After days of protesting in Uptown, Lavish Mack was enjoying a rare moment of relaxation Sunday night.
He and fellow protesters were playing the game Red Light, Green Light on W. Lake Street, and Mack was lightheartedly arguing after they told him, "You're out."
Then he heard an engine revving loudly. A Jeep Cherokee came hurtling toward them at high speed, smashing into a barricade the group had erected for safety.
Mack heard people screaming: "Car! Run! Get up!" In an instant, his new friend, Deona M. Knajdek, lay bleeding on the sidewalk.
By the end of the night, the crowd would learn she had died, marchers would turn the driver over to police, and they would face off against officers in riot gear in an episode that shocked protesters and gave them renewed determination to keep pressing for racial justice in policing.

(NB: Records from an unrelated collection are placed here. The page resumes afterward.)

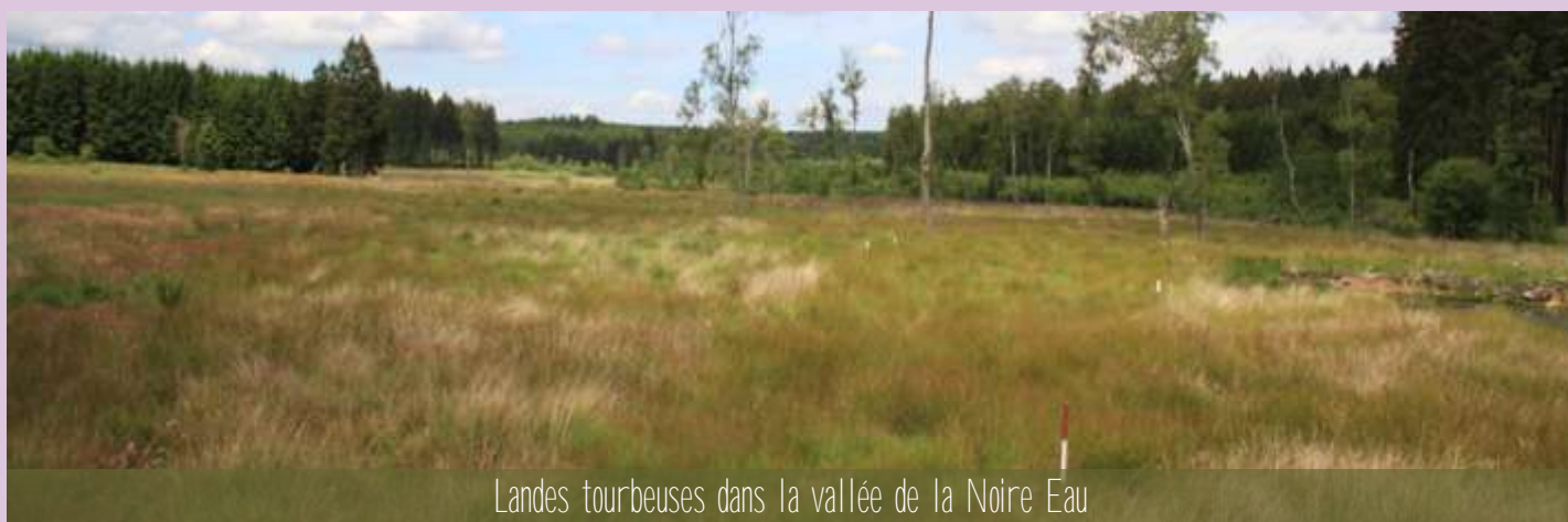
Landes tourbeuses dans la vallée de la Noire Eau

projet LIFE-Lomme pour restaurer des milieux naturels dans cette petite vallée. Un réseau de drainage important asséchait les terrains. Ce réseau a été colmaté pour mettre aux sols de se gorger à nouveau d'eau. La vue dégagée qu'offre la vallée séduira le promeneur, qui pourra bientôt y observer de nombreuses espèces typiques des milieux tourbeux !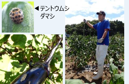
▲アブラムシやテントウムシダマシなど、たくさの虫と戦っています。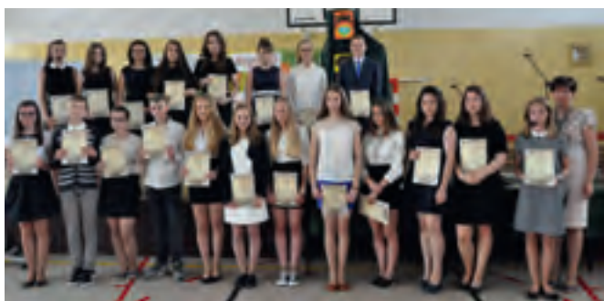
Stare Proboszczewice – stypendyści naukowi – Gimnazjum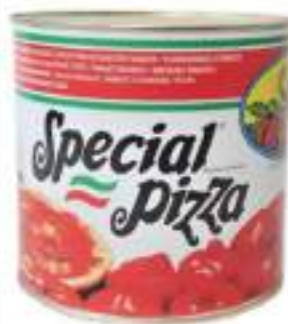
POLPA POMODORO 3/1 LATTA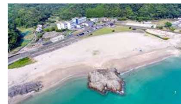
公式見学場 (串本町: 田原海水浴場)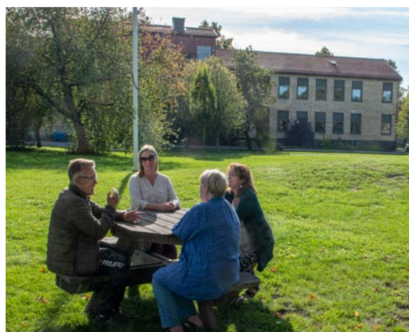
Så här ser det ut på innergården.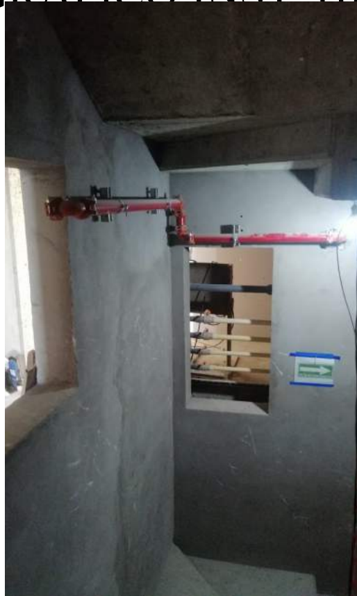
Hidrantes (Nivel 23)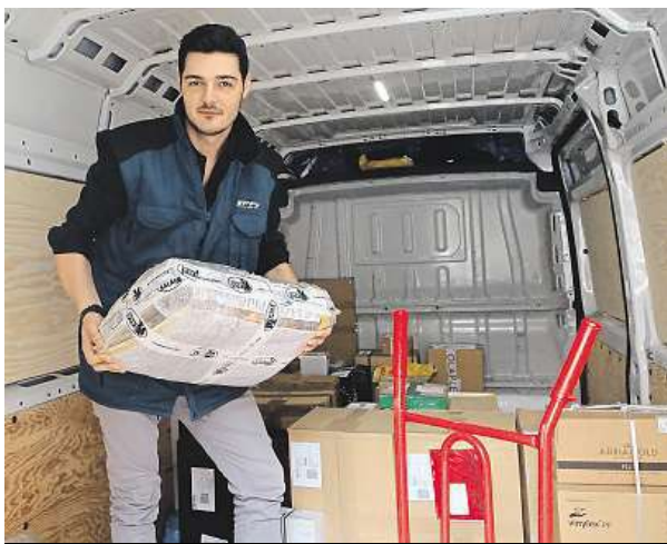
Hlavně opatrně, abychom zásilku nerozbili. 2x METRO

„Když si ráno rovnám do auta balíčky podle adres a jmen lidí, většinou už přesně vím, jak bude probíhat můj den,“ usmívá se Vořech. Zná ve svém rajonu nejen každou firmu, dům či skulinku na zaparkování, ale také většinu místních, kteří ho po desítkách zdraví i tehdy, když nese balík někomu jinému. „Budu od vás dneska něco brát,“ volá řidiči z auta na mladou paní, která s úsměvem přikyvuje. „Tak já se potom u vás zastavím,“ slibuje Vořech pozdější převzetí balíčku. Konverzace potvrzuje také svou teo-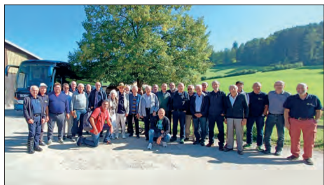
Männerriege Lostorf bei den drei Weihern in St. Gallen.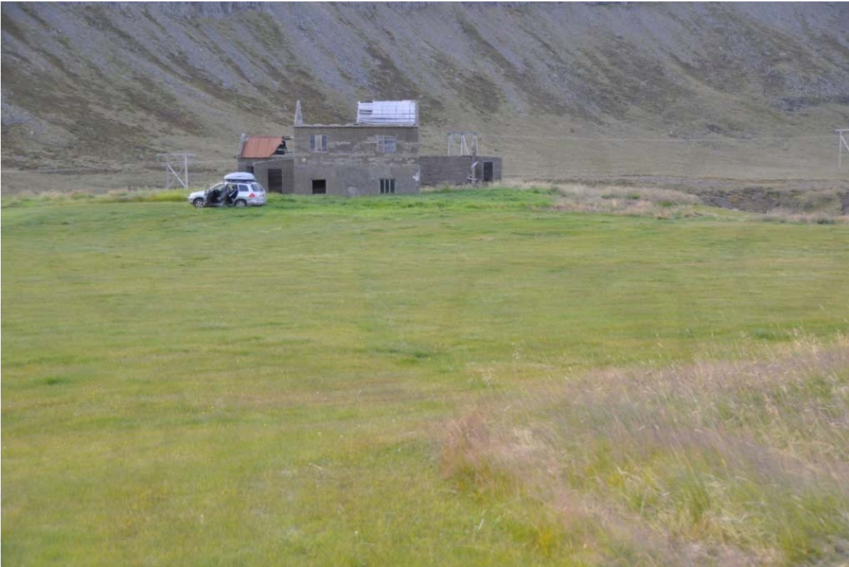
Mynd 7. Frá Belgsdal. Myndin er tekin í suðurjaðri túnsins og sjá má dæld fyrir miðri mynd, sem gæti mögulega verið þar sem vatnsleiðslan liggur.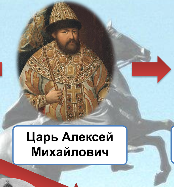
Царь Алексей Михайлович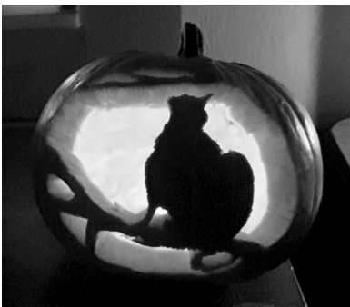
III. díj: Tökvicces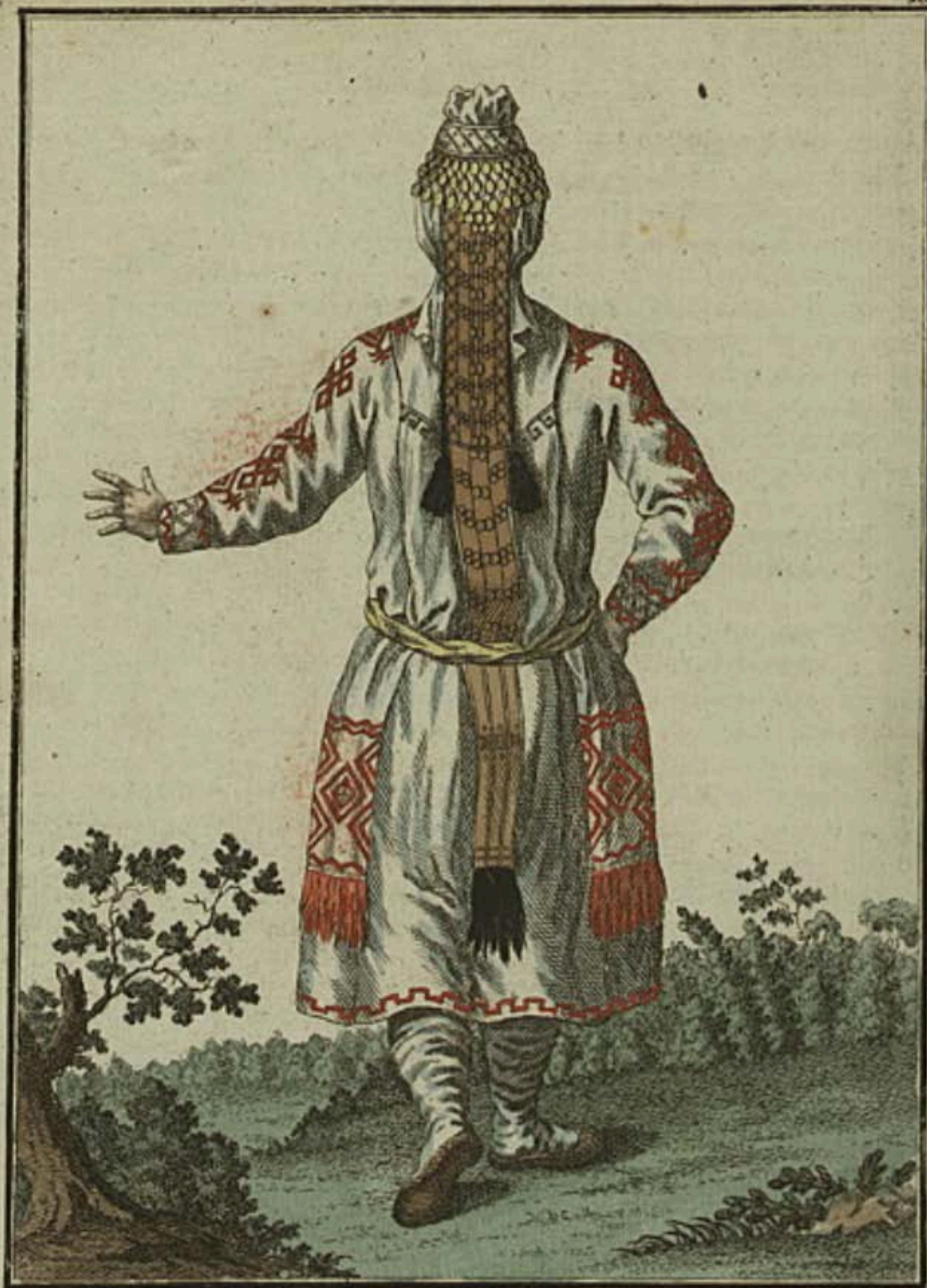
Чувашанка въ Лѣтнѣмъ платьѣ. Eine Tschuwaschin im Sommer Kleide. Une Tchowache en habit d'été.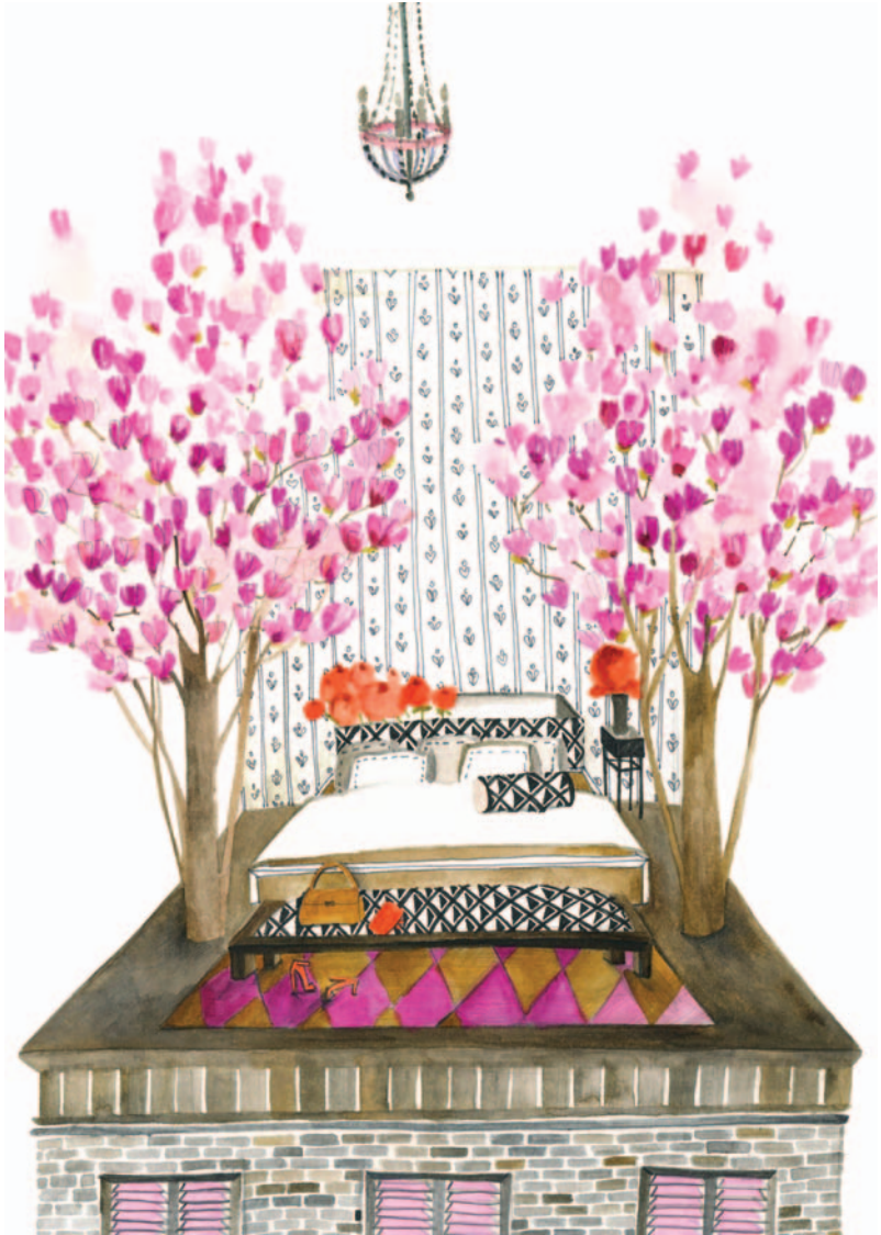
Un loc pentru o magnolie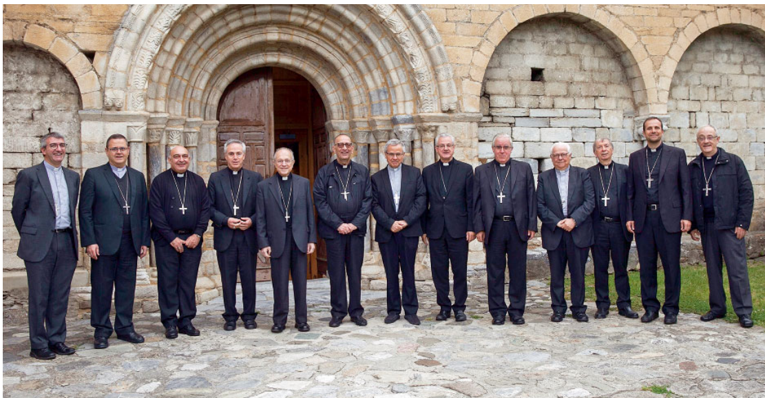
Els actuals bisbes de les diòcesis amb seu a Catalunya en una imatge de la reunió de la Tarraconense celebrada a Salardú, el passat mes de juliol.

El concili fou clausurat solemnement a la catedral de Tarragona el 4 de juny de 1995. En compli-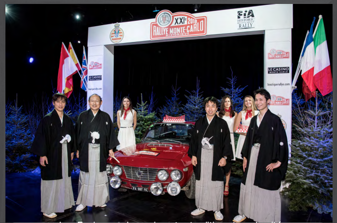
Les Equipages Japonais, entre tradition et modernité, mais toujours avec le sourire.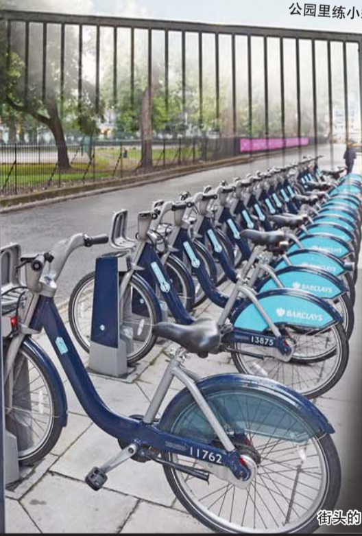
街头的自行车租赁系统,刷银行卡自助租借。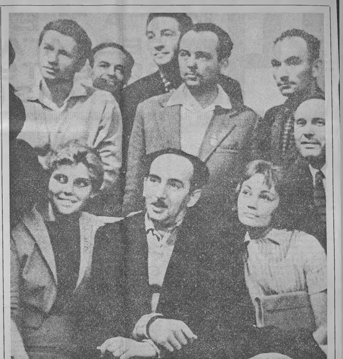
В сентябре 1961 года в Ростове шли съемки фильма «На семи ветрах» по сценарию Александра Галича. Тогда же был сделан и этот снимок, где А. Галич зачитывает с молодыми тогда актерами В. Тихоновым, Л. Быковым и другими известными сегодня артистами театра и кино.

Вот как на деле выглядел период «равновесия» двух муз: с одной стороны, песня в «Комсомольской правде» под названием «Руку дай, молодость моя», с другой — «Спрашивайте, мальчики, спрашивайте», с одной — песенки из сценария «Добрый город» в «Неделе», с другой — «Старый вальс», с одной — песенка «Дождем в той же «Неделе», с другой — «Облака плывут, облака», с одной — стих в «Сельской молодежи» «Дорогой мой человек» и «Добрый вечер» в «Крестьянке», с другой — «Товарищ Парамонов» и «Право на отдых» и т. д. и т. п. Уж очень это походит на аналогичную ситуацию, возникшую в творчестве другого литератора примерно в это же самое время: он однове-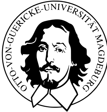
Abbildung: Altes Logo der Universität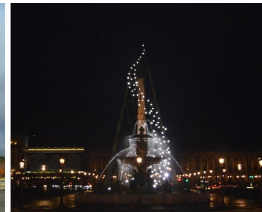
PHARES de jour et de nuit, place de la Concorde © Milène Guermont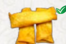
76) Mini Loempia's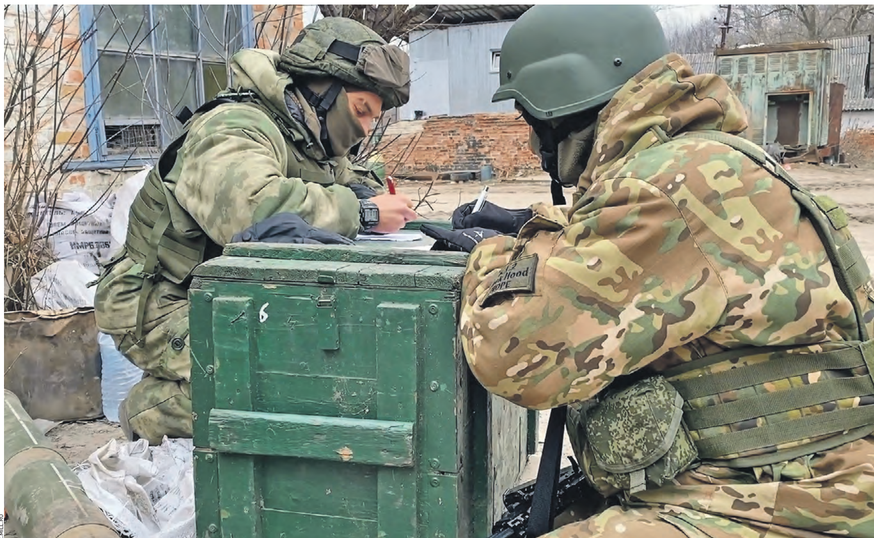
Вчера 09:00 бойцы Вооруженных сил России пишут письма родным. Для того чтобы весточки с фронта доходили до адресатов, Минобороны РФ организовало работу по доставке почтовых отправлений военнослужащим, участвующим в СВО

— Перехвачены две украинские баллистические ракеты «Точка-У» и два реактивных снаряда системы залпового огня HIMARS в районе населенного пункта Юбилейное Херсонской области. Также уничтожено шесть беспилотных летательных аппаратов в районах населенных пунк-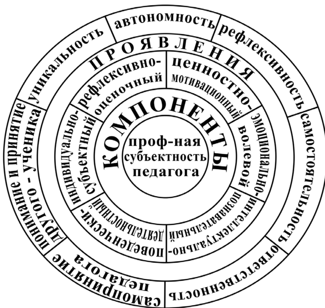
Рис. 2. Модель профессиональной субъектности учителей начальных классов

Таким образом, формирование профессиональной субъектности будущих учителей начальных классов – это целенаправленный и специально организованный педагогический процесс, основными составляющими которого являются диагностирование, проектирование, практическая реализация и мониторинг её формирования как интегрального составляющего их профессиональной подготовки в педагогическом ВУЗе. Его педагогическое моделирование позволяет составить системное представление об этом психолого-педагогическом феномене – о профессиональной субъектности (см.: рис. 2), даёт возможность увидеть новое качество в модельном представлении (см.: рис. 1), которое выводит нас на высокий уровень научных рассуждений и выводов, и обеспечивает распространение исследовательских результатов.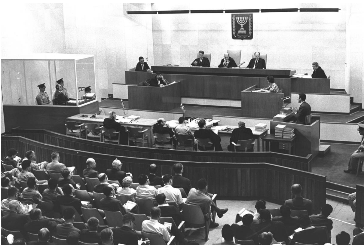
Salle d'audience du procès Eichmann le 13 décembre 1961.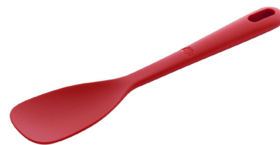
28000-004 ROSSO | Cuchara para Servir de Silicón Rojo 28 cm $589.00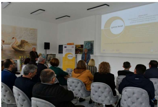
Слика 17 – Прв состанок на Локалната група на засегнати чинители во Радовиш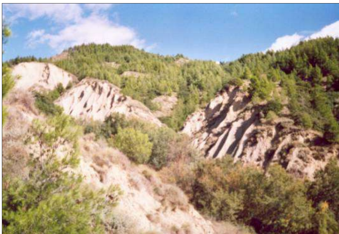
Fig. 8 - Tipico aspetto di area calanchiva (comune di Salandra).

Per i primi si rende necessario procedere ad interventi di diradamento; nei rimboschimenti esistenti tale aspetto è stato in generale molto trascurato; sono frequenti le situazioni di densità eccessiva o disforme che hanno provocato, soprattutto nei popola-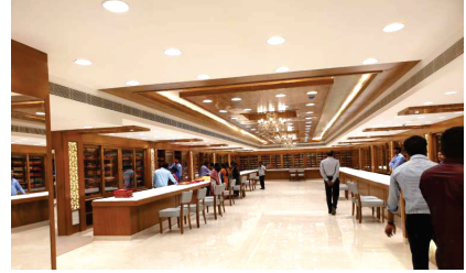
Nalli Jewellers, T.Nagar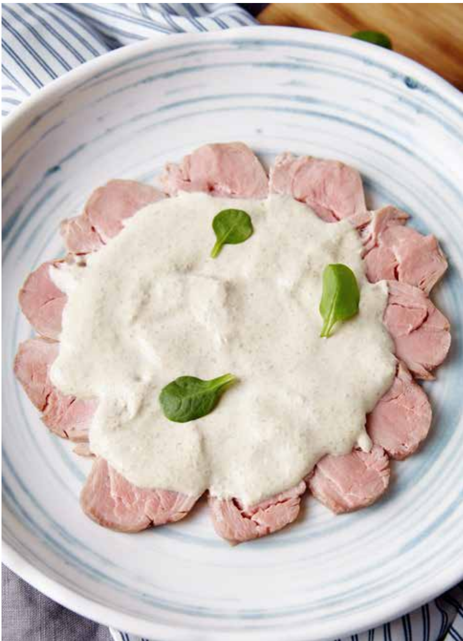
Вителло тоннато 135 г 650 ₽ Vitello tonnato | Vitello Tonnato(薄切牛仔肉配吞拿鱼汁)

Knajdek, Mack and other protesters had been gathering at W. Lake Street and Girard Avenue in Minneapolis ever since a federal task force shot and killed Winston Smith in a nearby parking garage on June 3. No video footage or detailed information justifying what happened has been released.
Sunday, if not for Knajdek's car providing an extra barrier for protesters who were standing a little farther east on Lake Street, Mack believes the toll would have been far worse.
"I don't want to say it makes me scared, but it could have been me," he later reflected. "No exaggeration, it could have been 20 people if it were not for Deona's car. It just makes you think — I don't know. I haven't been able to process it."